Please restate the data that follows word for word, with the pictures left out.
-------- Records for this exercise
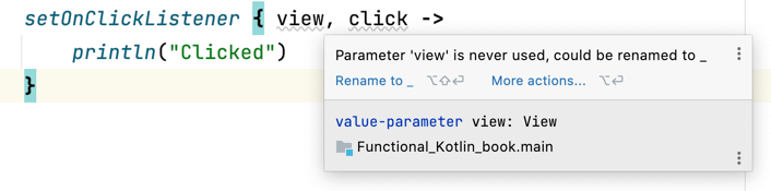 fun setOnClickListener(listener: (View, Click) -> Unit) {} fun main() { setOnClickListener({ view, click -> println("Clicked") }) }
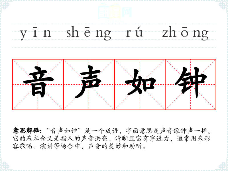 “音声如钟”是一个成语,字面意思是声音像钟声一样。它的基本含义是指人的声音洪亮、清晰且富有穿透力,通常用来形容歌唱、演讲等场合中,声音的美妙和动听。
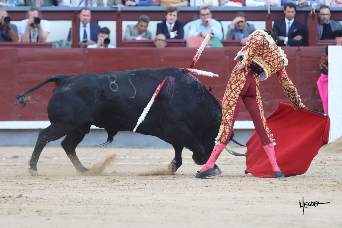 Urdiales se estiró despacio con el segundo de su lote. Lo sacó el riojano de tablas con habilidad y se lo llevó más allá del tercio en su comienzo de faena. Siguió sobre el pitón derecho, echándole los vuelos a la cara y tirando del animal en tandas cortas en las que pudo aprovechar la movilidad del de El Torero. Le dio sitio y con paso largo empezó a llevarlo, envolviéndoselo a la cadera, teniendo que pulir aquellas salidas por alto con las que soltaba la cara. Le bajó la mano, aunque sin excederse. Cambió al natural, con pases a media altura, sin que el ejemplar se entregara. No hubo acople entre ambos, produciéndose un pase tras otro carente de emoción y contenido. Mató al quinto.
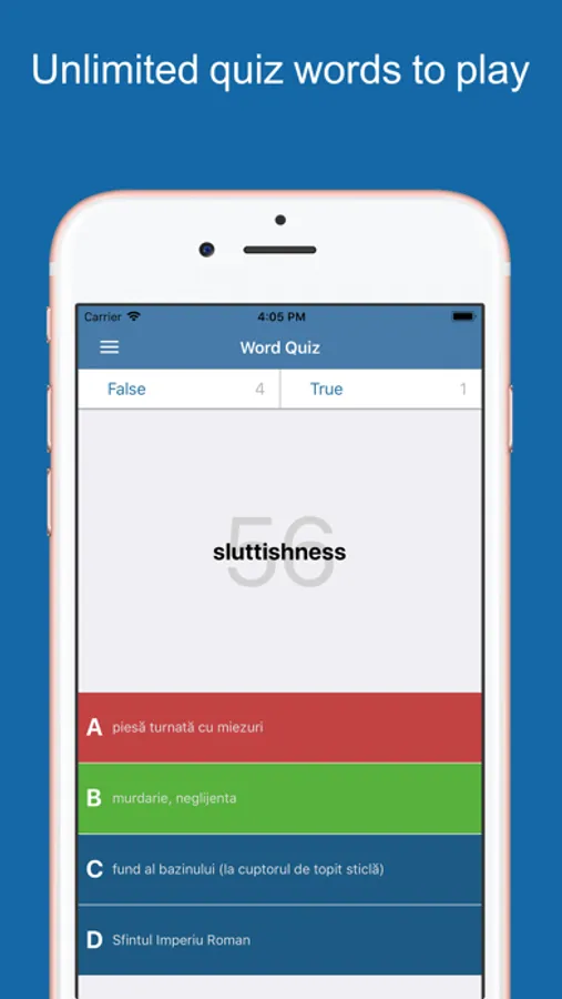 - We developed a new quiz inside Romanian dictionary! To take the quiz, you can easily tap the option icon in the top left side of the screen and choose quiz. Now, you will see a word in the screen with 4 answers, you will have to tap the answer that you think its right to see if it’s the good choice or not. Keep in mind, that there is a countdown timer and if it finishes without a reply from you, then the quiz will ends.
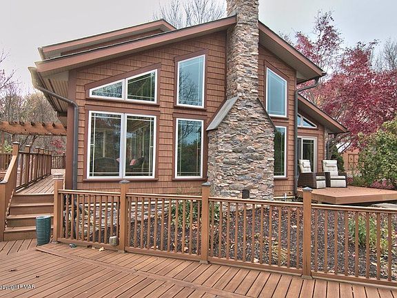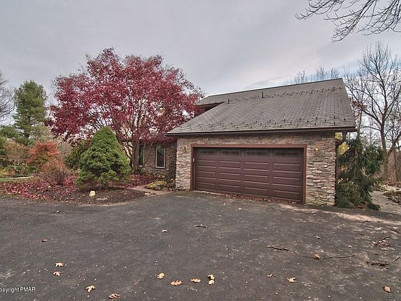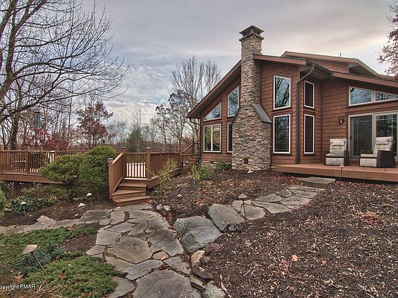 A BOTANICAL WONDERLAND! WITH 2 CASCADING WATERFALLS GOING INTO 3 DIFFERENT PONDS, THIS HOME HAS BEEN FEATURED ON HOUSE TOURS, AND THE POCONO RECORD! Completely refurbished exterior w/ stacked stone and copper accent gutters, new windows, the look of this home will WOW you! ALL FIRST CLASS MATERIALS USED! And walk right out to the massive deck in all directions, and jump in the inground pool! PLUS the kitchen rehad with HEATED tile designer floors, stainless appliances, a chef's delight 6 burner gas stove, will entice your culinary skills! The tiled powder room is a huge surprise too and has a HEATED FLOOR! 3 bedrms, 2 baths upstairs, Brazilian cherry flrs on the first level, full basement....AND 3 more parcels of land equal 5.25 private Paradise acres! Low taxes, SEE PHOTOS
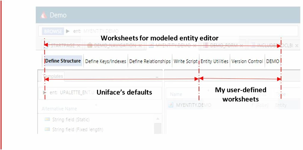 In Figure 3, the Uniface default worksheets are shown and next to them are my own worksheets. In another article on ‘Enhancing the provided toolset’, I described how these worksheets can be added to your preferred Uniface editor(s), to make your work as a Uniface developer even more efficient. The worksheets offer great flexibility and power. In your own worksheet(s), you are not bound to the tool panes Uniface is using, and your actions have unlimited scope. You, the developer, are completely free to add a worksheet that performs actions outside the open object, though it is advisable to take the context of the object into consideration.
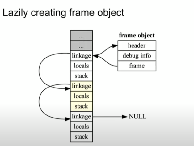 여기서 다른 이야기인 Frame 스택에 대해 이야기하고 넘어가야 할 것 같다. 이 프레임 스택은 파이썬 함수를 부를 때 사용되는 객체이다. 각각의 파이썬 함수를 부를 때 마다, Frame Object를 스택에 넣는다. 이때 이 프레임은 지역 변수, 임시 값을 위한 공간, 이전 프레임, 전역 변수 그외 등등을 위한 참조, 그리고 디버깅 정보를 가지고 있다.
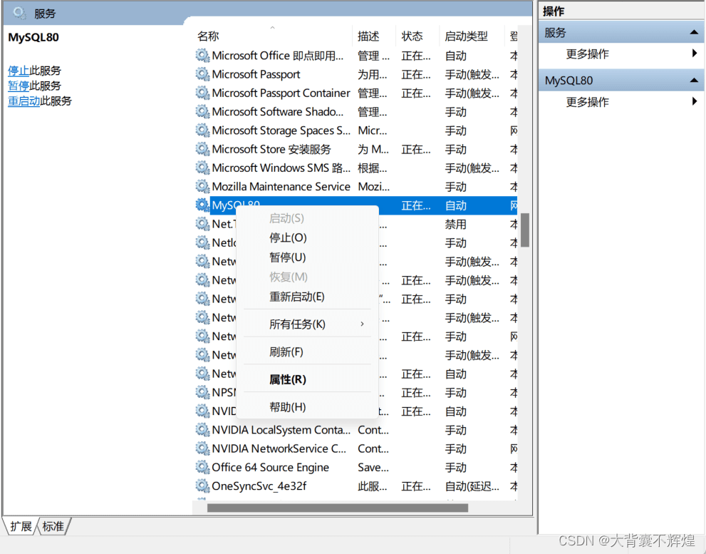 5.找到MySQL右键,点击属性。
----------------
Answer for the task ▸
 fun setOnClickListener(listener: (View, Click) -> Unit) {} fun main() { setOnClickListener({ view, click -> println("Clicked") }) }
 “音声如钟”是一个成语,字面意思是声音像钟声一样。它的基本含义是指人的声音洪亮、清晰且富有穿透力,通常用来形容歌唱、演讲等场合中,声音的美妙和动听。
 Urdiales se estiró despacio con el segundo de su lote. Lo sacó el riojano de tablas con habilidad y se lo llevó más allá del tercio en su comienzo de faena. Siguió sobre el pitón derecho, echándole los vuelos a la cara y tirando del animal en tandas cortas en las que pudo aprovechar la movilidad del de El Torero. Le dio sitio y con paso largo empezó a llevarlo, envolviéndoselo a la cadera, teniendo que pulir aquellas salidas por alto con las que soltaba la cara. Le bajó la mano, aunque sin excederse. Cambió al natural, con pases a media altura, sin que el ejemplar se entregara. No hubo acople entre ambos, produciéndose un pase tras otro carente de emoción y contenido. Mató al quinto.
 - We developed a new quiz inside Romanian dictionary! To take the quiz, you can easily tap the option icon in the top left side of the screen and choose quiz. Now, you will see a word in the screen with 4 answers, you will have to tap the answer that you think its right to see if it’s the good choice or not. Keep in mind, that there is a countdown timer and if it finishes without a reply from you, then the quiz will ends.
 A BOTANICAL WONDERLAND! WITH 2 CASCADING WATERFALLS GOING INTO 3 DIFFERENT PONDS, THIS HOME HAS BEEN FEATURED ON HOUSE TOURS, AND THE POCONO RECORD! Completely refurbished exterior w/ stacked stone and copper accent gutters, new windows, the look of this home will WOW you! ALL FIRST CLASS MATERIALS USED! And walk right out to the massive deck in all directions, and jump in the inground pool! PLUS the kitchen rehad with HEATED tile designer floors, stainless appliances, a chef's delight 6 burner gas stove, will entice your culinary skills! The tiled powder room is a huge surprise too and has a HEATED FLOOR! 3 bedrms, 2 baths upstairs, Brazilian cherry flrs on the first level, full basement....AND 3 more parcels of land equal 5.25 private Paradise acres! Low taxes, SEE PHOTOS
 In Figure 3, the Uniface default worksheets are shown and next to them are my own worksheets. In another article on ‘Enhancing the provided toolset’, I described how these worksheets can be added to your preferred Uniface editor(s), to make your work as a Uniface developer even more efficient. The worksheets offer great flexibility and power. In your own worksheet(s), you are not bound to the tool panes Uniface is using, and your actions have unlimited scope. You, the developer, are completely free to add a worksheet that performs actions outside the open object, though it is advisable to take the context of the object into consideration.
 여기서 다른 이야기인 Frame 스택에 대해 이야기하고 넘어가야 할 것 같다. 이 프레임 스택은 파이썬 함수를 부를 때 사용되는 객체이다. 각각의 파이썬 함수를 부를 때 마다, Frame Object를 스택에 넣는다. 이때 이 프레임은 지역 변수, 임시 값을 위한 공간, 이전 프레임, 전역 변수 그외 등등을 위한 참조, 그리고 디버깅 정보를 가지고 있다.
 5.找到MySQL右键,点击属性。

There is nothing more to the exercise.